Keep the wording of each record exactly the same when you repeat it, and leave out pictures.

-*-

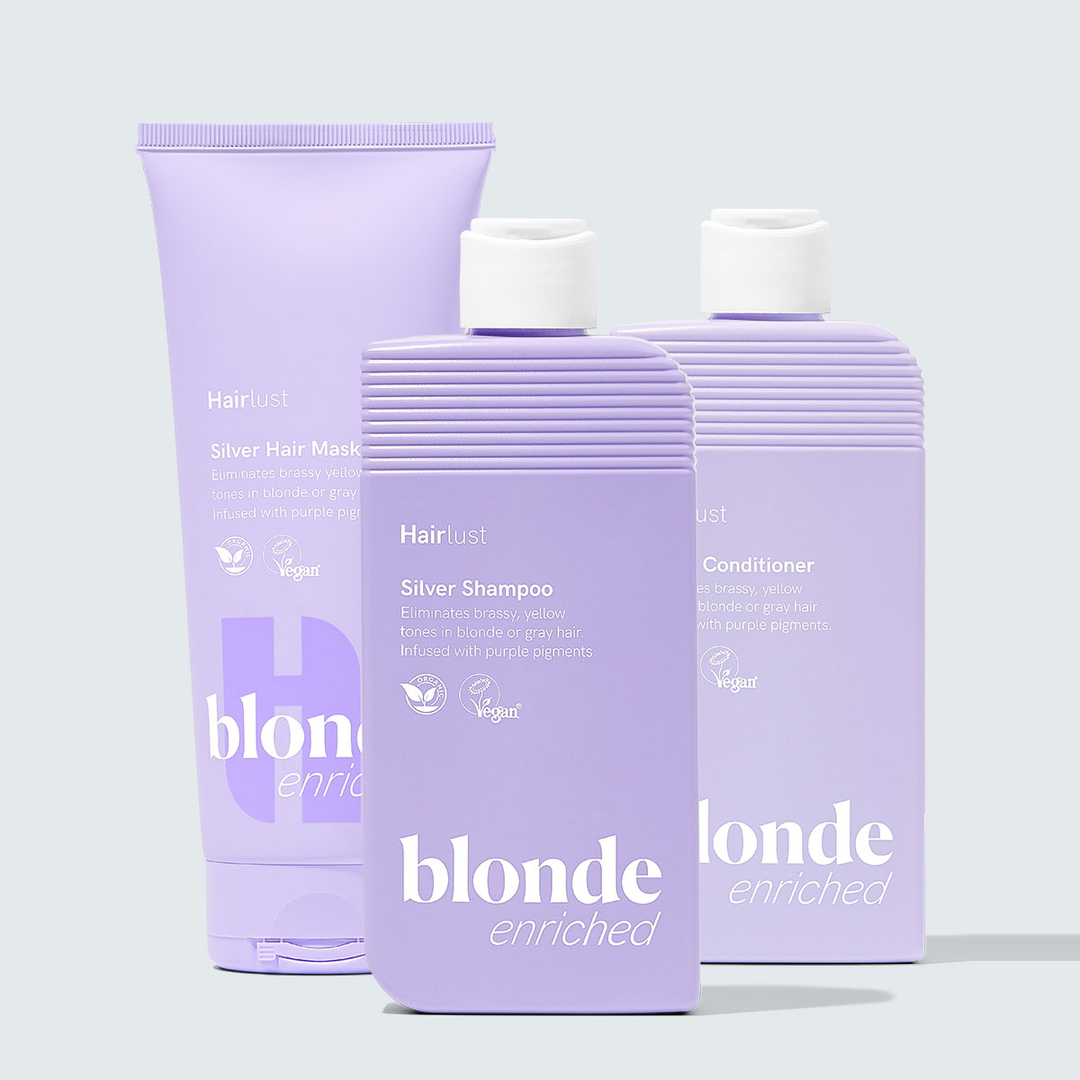 Täydellinen hemmottelupaketti vaaleiden, harmaiden & vaalennettujen hiusten hoitoon! Enriched Blonde™ hopeatuotteet kirkastavat hiusten sävyä, kosteuttavat ja korjaavat. Pakettiin kuuluu kosteuttava hopeashampoo, -hoitoaine ja -hiusnaamio. Vegaanista, pohjoismaista & luonnollista hiustenhoitoa.
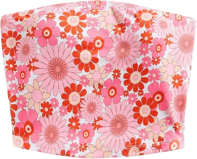 Women's Strapless Floral Print Slim Fit Summer Bandeau Crop Tops
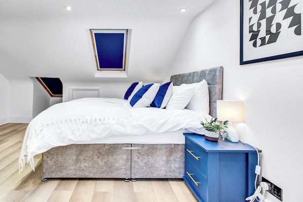 🛏️ 3 bathrooms (1 en suite) ⚡ Fast Wi-Fi 🍳 Fully equipped kitchen 🧺 Laundry 🌿 Private garden. 🚗 Driveway parking for vans. 🛠️ Garage for tools and storage. 📍 Quiet area near shops, parks & 🚆 fast trains to London Waterloo.
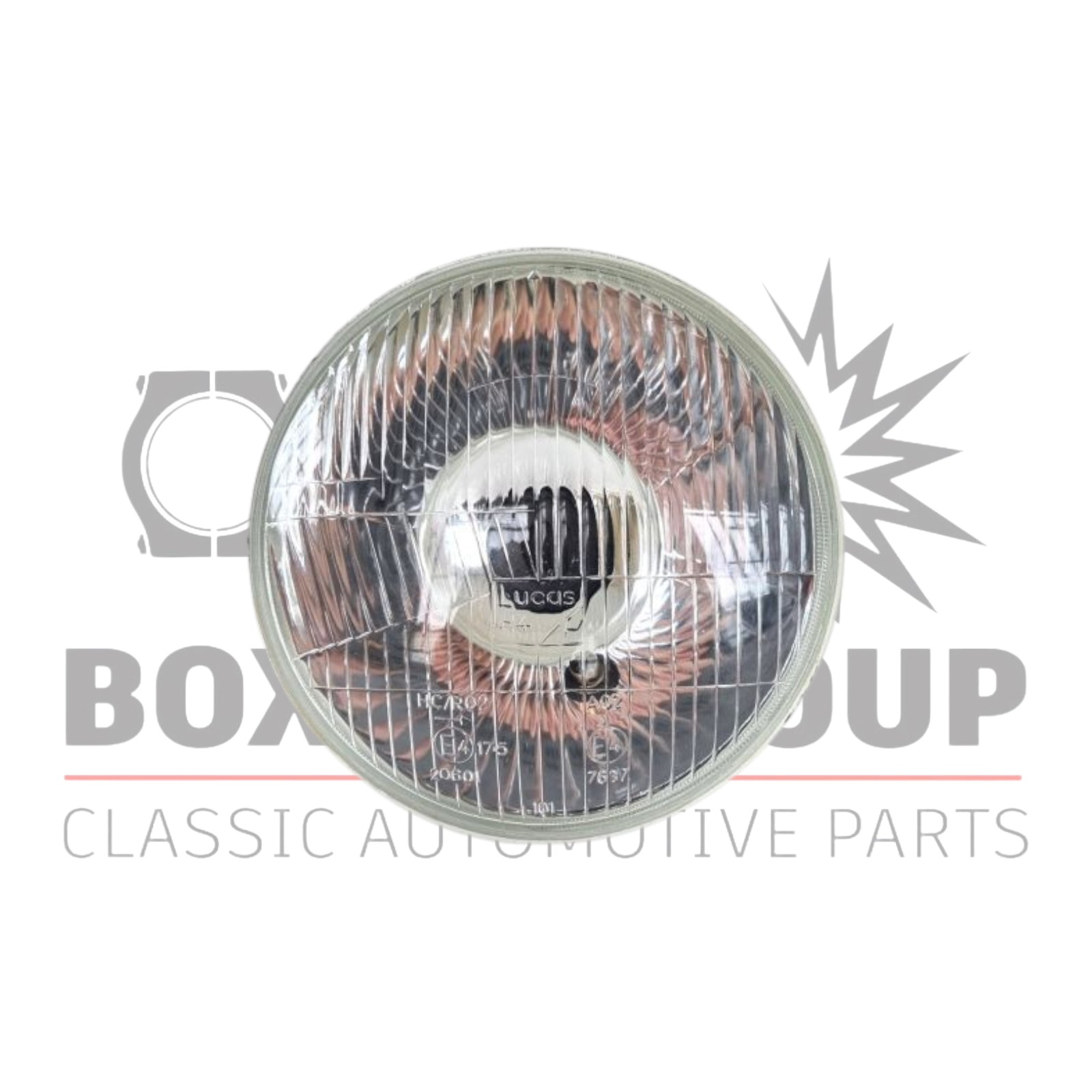 Lucas H4 halogen headlamp with sidelight. Halogen bulb not included. E-marked and for RHD models.
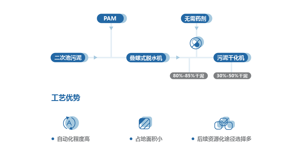 叠螺式污泥脱水机+低温干化:易处理低浓度,粘性较强的污泥,机械脱水与自然干化结合的方案,大大降低传统干化的处理成本,并且在70℃下低温干化,系统安全稳定。
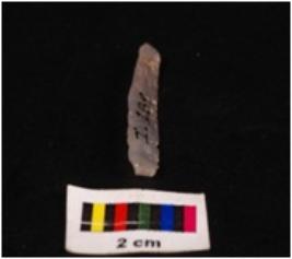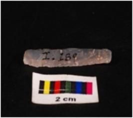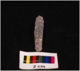 | Description / विवरण | Parallel sided blade on chalcedony with a single mid-ridge on dorsal side, triangular section, diffused bulb on ventral side and use- wear marks on cutting edges. |
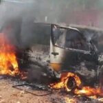 Mu muhanda rwa gati, imodoka yari itwaye abantu yafashwe n’inkongi y’umuriro irashya irakongoka izuba riva – AMAFOTO
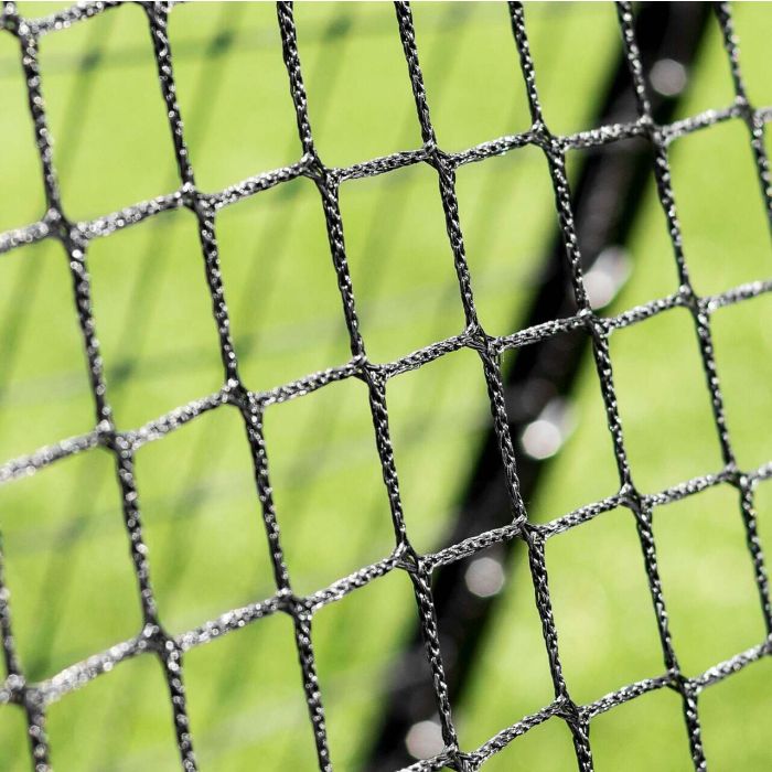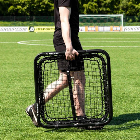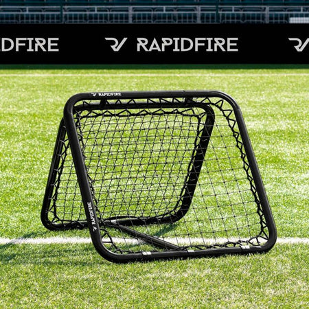 RapidFire RF80 Training Rebounder, 2.5 ft x 2.5 ft, made with two spring target zones. 1.5 mm weather-resistant steel frame. Folds flat for easy storage and transport. Double-sided knotted and knotless HDPE netting, 2mm finish.
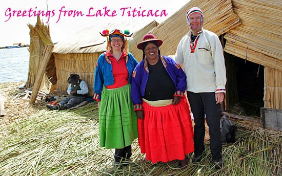 Nou ja, ondanks de domper van de vuilnisbelt en de lijklucht, dompelen we ons na een rustdag onder in de mystiek van het magische Titicacameer op 3.830 meter hoogte. We gaan met een boot het meer op voor een bezoek aan de eilandengroep Uros. Al ver voor het inca tijdperk leefden de Aymara-vissers en jagers op drijvende rieteilanden. Ook hun boten maakten en maken ze van riet.
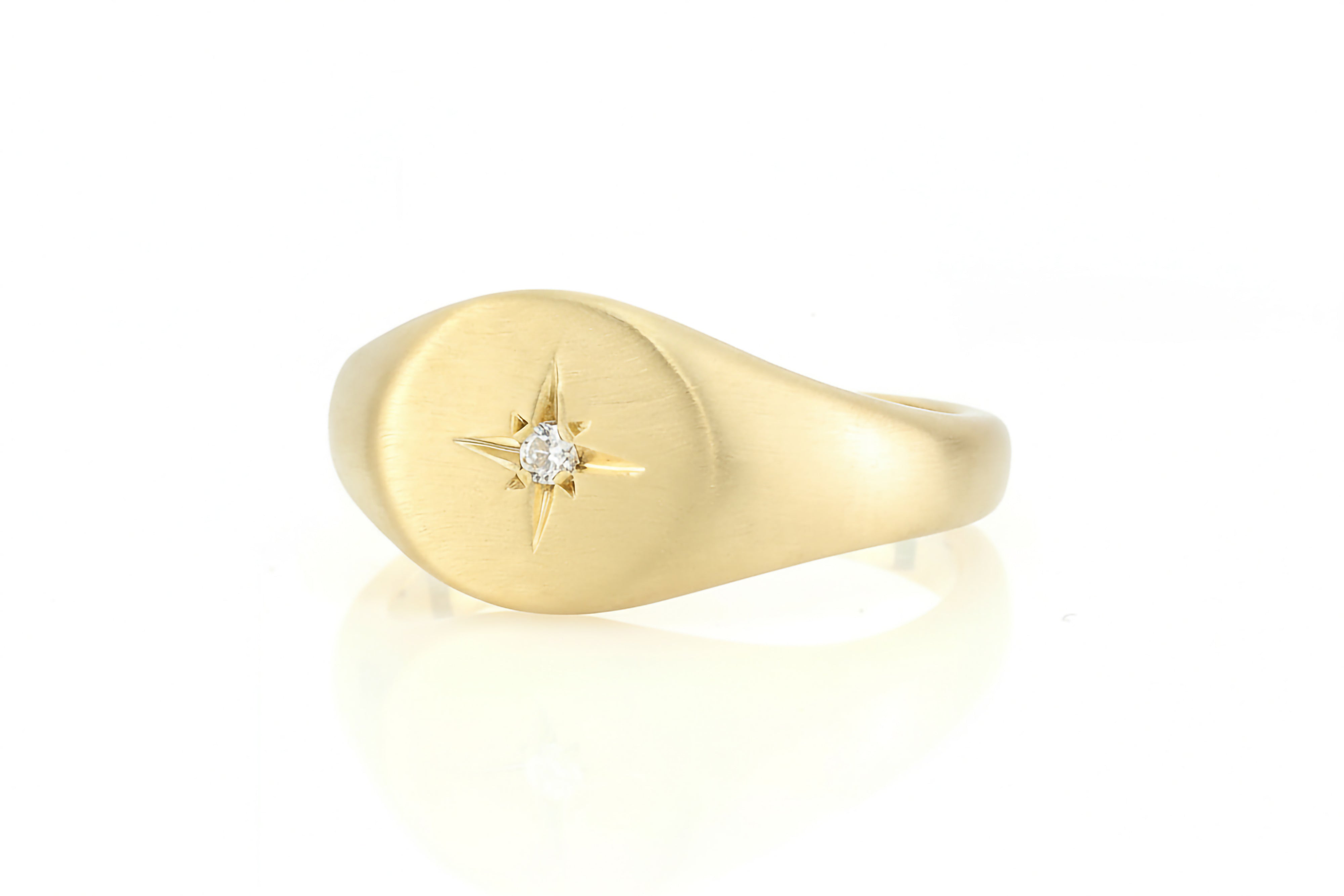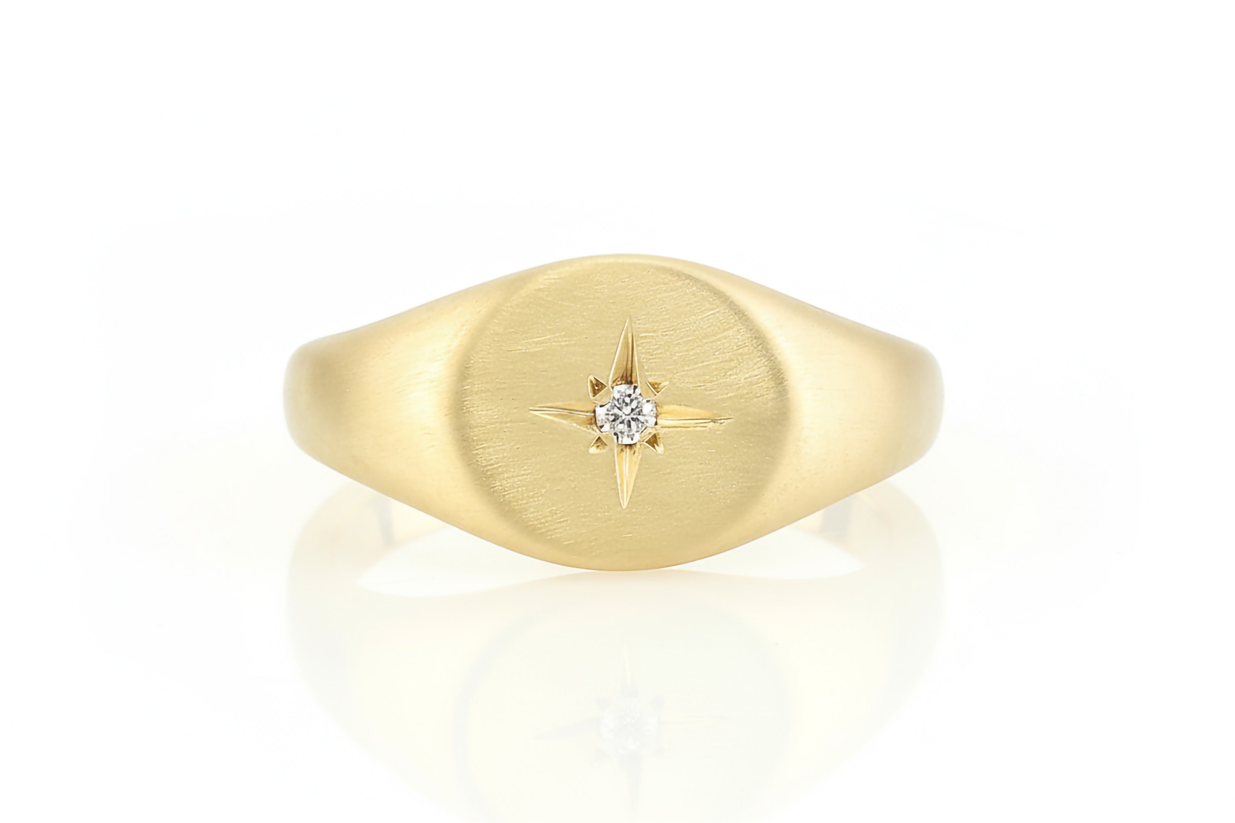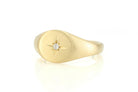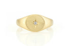 This gold round signet ring features a CZ pave setting in the center, blending modern sparkle with a timeless signet style. The sleek round face and polished gold finish make it a versatile piece that can be stacked with other rings or worn solo as a bold statement.

-*-

## Response
 Täydellinen hemmottelupaketti vaaleiden, harmaiden & vaalennettujen hiusten hoitoon! Enriched Blonde™ hopeatuotteet kirkastavat hiusten sävyä, kosteuttavat ja korjaavat. Pakettiin kuuluu kosteuttava hopeashampoo, -hoitoaine ja -hiusnaamio. Vegaanista, pohjoismaista & luonnollista hiustenhoitoa.
 Women's Strapless Floral Print Slim Fit Summer Bandeau Crop Tops
 🛏️ 3 bathrooms (1 en suite) ⚡ Fast Wi-Fi 🍳 Fully equipped kitchen 🧺 Laundry 🌿 Private garden. 🚗 Driveway parking for vans. 🛠️ Garage for tools and storage. 📍 Quiet area near shops, parks & 🚆 fast trains to London Waterloo.
 Lucas H4 halogen headlamp with sidelight. Halogen bulb not included. E-marked and for RHD models.
 叠螺式污泥脱水机+低温干化:易处理低浓度,粘性较强的污泥,机械脱水与自然干化结合的方案,大大降低传统干化的处理成本,并且在70℃下低温干化,系统安全稳定。
 | Description / विवरण | Parallel sided blade on chalcedony with a single mid-ridge on dorsal side, triangular section, diffused bulb on ventral side and use- wear marks on cutting edges. |
 Mu muhanda rwa gati, imodoka yari itwaye abantu yafashwe n’inkongi y’umuriro irashya irakongoka izuba riva – AMAFOTO
 RapidFire RF80 Training Rebounder, 2.5 ft x 2.5 ft, made with two spring target zones. 1.5 mm weather-resistant steel frame. Folds flat for easy storage and transport. Double-sided knotted and knotless HDPE netting, 2mm finish.
 Nou ja, ondanks de domper van de vuilnisbelt en de lijklucht, dompelen we ons na een rustdag onder in de mystiek van het magische Titicacameer op 3.830 meter hoogte. We gaan met een boot het meer op voor een bezoek aan de eilandengroep Uros. Al ver voor het inca tijdperk leefden de Aymara-vissers en jagers op drijvende rieteilanden. Ook hun boten maakten en maken ze van riet.
 This gold round signet ring features a CZ pave setting in the center, blending modern sparkle with a timeless signet style. The sleek round face and polished gold finish make it a versatile piece that can be stacked with other rings or worn solo as a bold statement.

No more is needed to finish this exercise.